ACTIVITY
Take the records below from their first line through the line holding "Ahora fija el", and set each of those lines down exactly, without pictures.

[DATA LISTING — start]

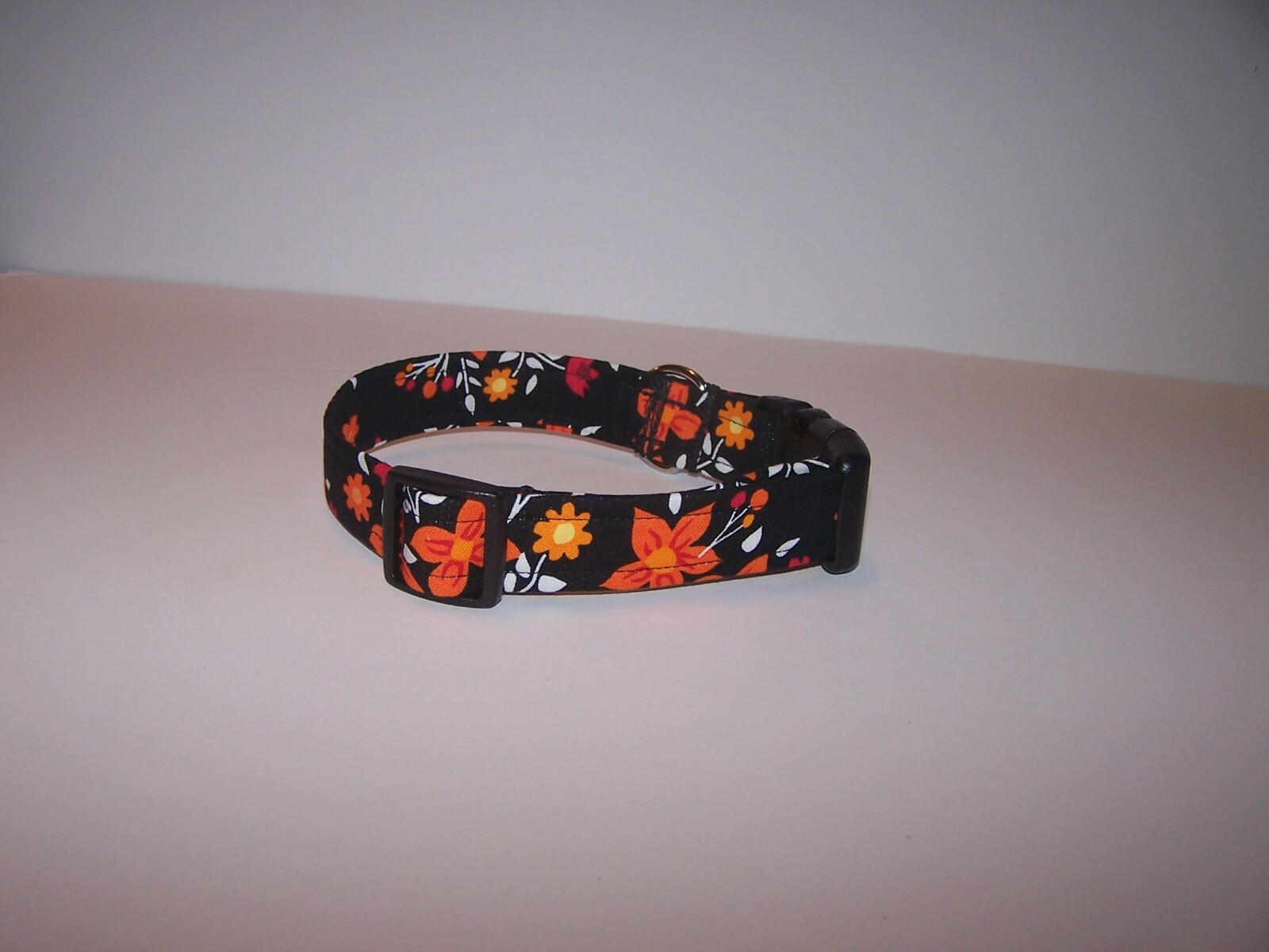 Wet Nose Designs Fall Frolic Dog Collar Bright Autumn Flowers Black Harvest
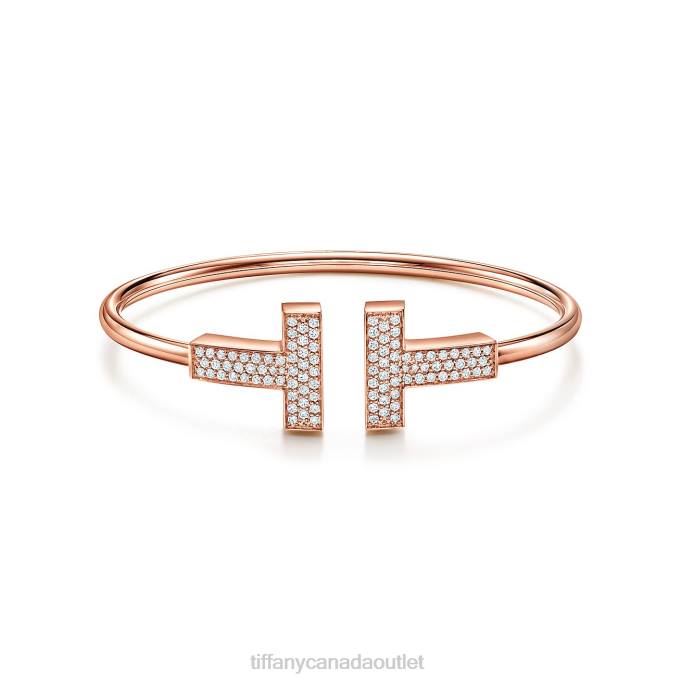 Tiffany T Wide Diamond Wire Bracelet In 18k Rose Gold, Medium.
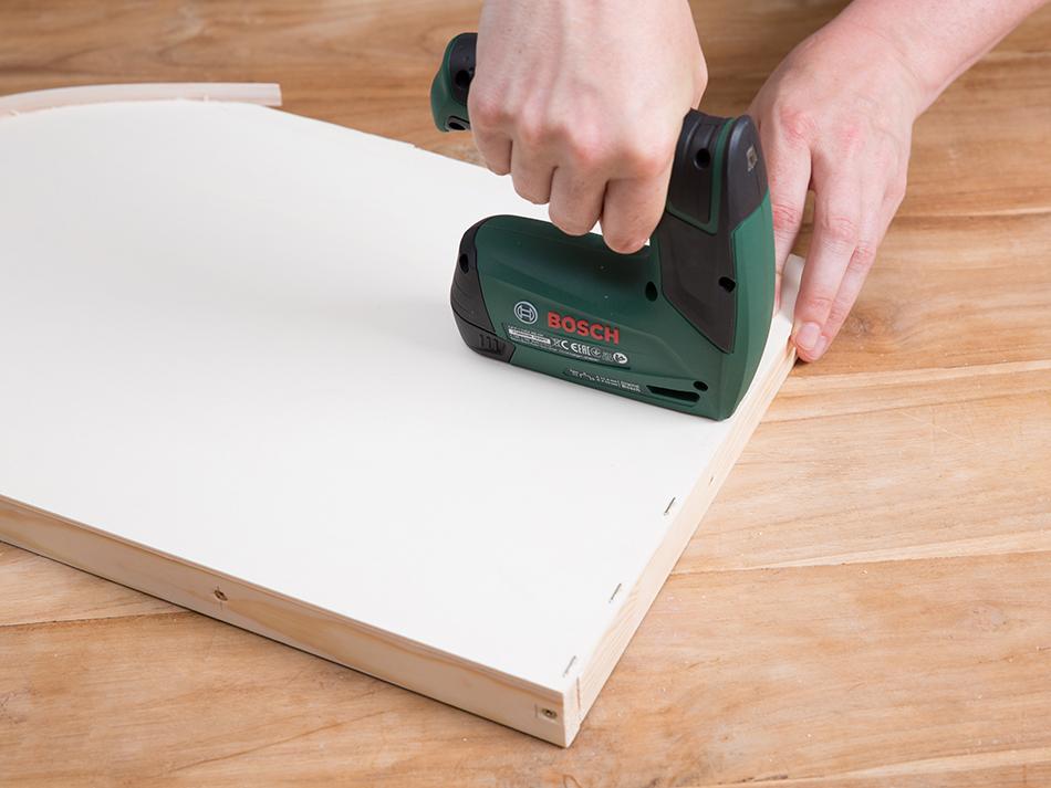 Ahora fija el tablero de contrachapado a la estructura de listones con ayuda de la grapadora. Antes tendrás que cortarlo a la medida utilizando la sierra de calar, pero ya verás que no es una tarea difícil.
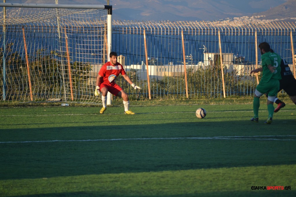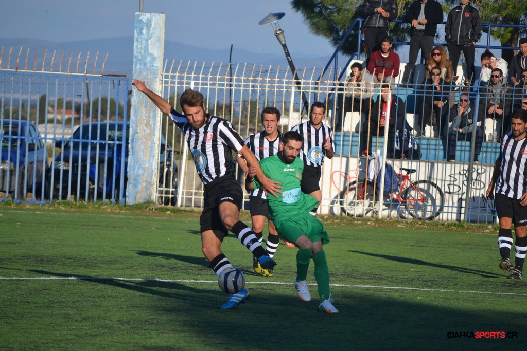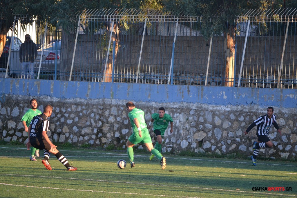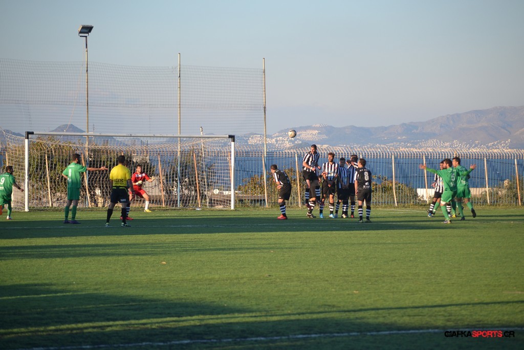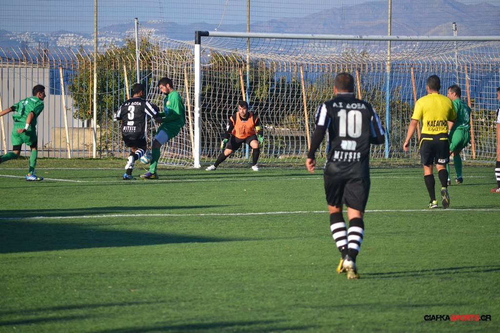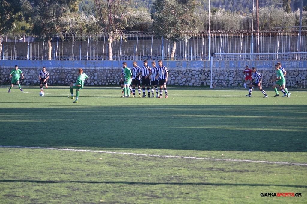 Μετά από αναγνωριστικό δεκάλεπτο στο ματς η Δόξα προσπάθησε να επιτεθεί από πλάγια για να διασπάσει την άμυνα της Αναγέννησης με τους “πράσινους” του Γιώργου Μηναϊδη να κλείνουν καλά τους διαδρόμους και να ψάχνουν στην κόντρα με τους Μάμμη, Βογιατζή και Εξήντα να πατήσουν την περιοχή του Μωραίτη. Στο 34′ λεπτό οι φιλοξενούμενοι κατάφεραν να ανοίξουν το σκορ όταν ο Χατζηπαναγιώτης σε κυνήγησε μια χαμένη μπαλιά απ’ τα αριστερά μπήκε στην περιοχή και κέρδισε το πέναλτι απ’ τους αμυντικούς της Δόξας με τον Πη να ευστοχεί απ’ την άσπρη βούλα για το 0-1. Η Αναγέννηση προσπάθησε να απαντήσει άμεσα αλλά το δυνατό σουτ του Γεροβασίλη λίγα λεπτά αργότερα έδιωξε εντυπωσιακά ο Μωραίτης σε κόρνερ.
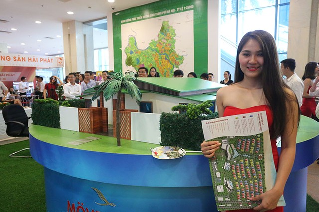 Các công ty trưng bày các mô hình dự án bất động sản cỡ lớn nhằm thu hút người xem. Trong ảnh là dự án Ngoại giao đoàn của Công ty CP dịch vụ hàng không Thăng Long

[DATA LISTING — finish]

SOLUTION FOR THIS TASK
 Wet Nose Designs Fall Frolic Dog Collar Bright Autumn Flowers Black Harvest
 Tiffany T Wide Diamond Wire Bracelet In 18k Rose Gold, Medium.
 Ahora fija el tablero de contrachapado a la estructura de listones con ayuda de la grapadora. Antes tendrás que cortarlo a la medida utilizando la sierra de calar, pero ya verás que no es una tarea difícil.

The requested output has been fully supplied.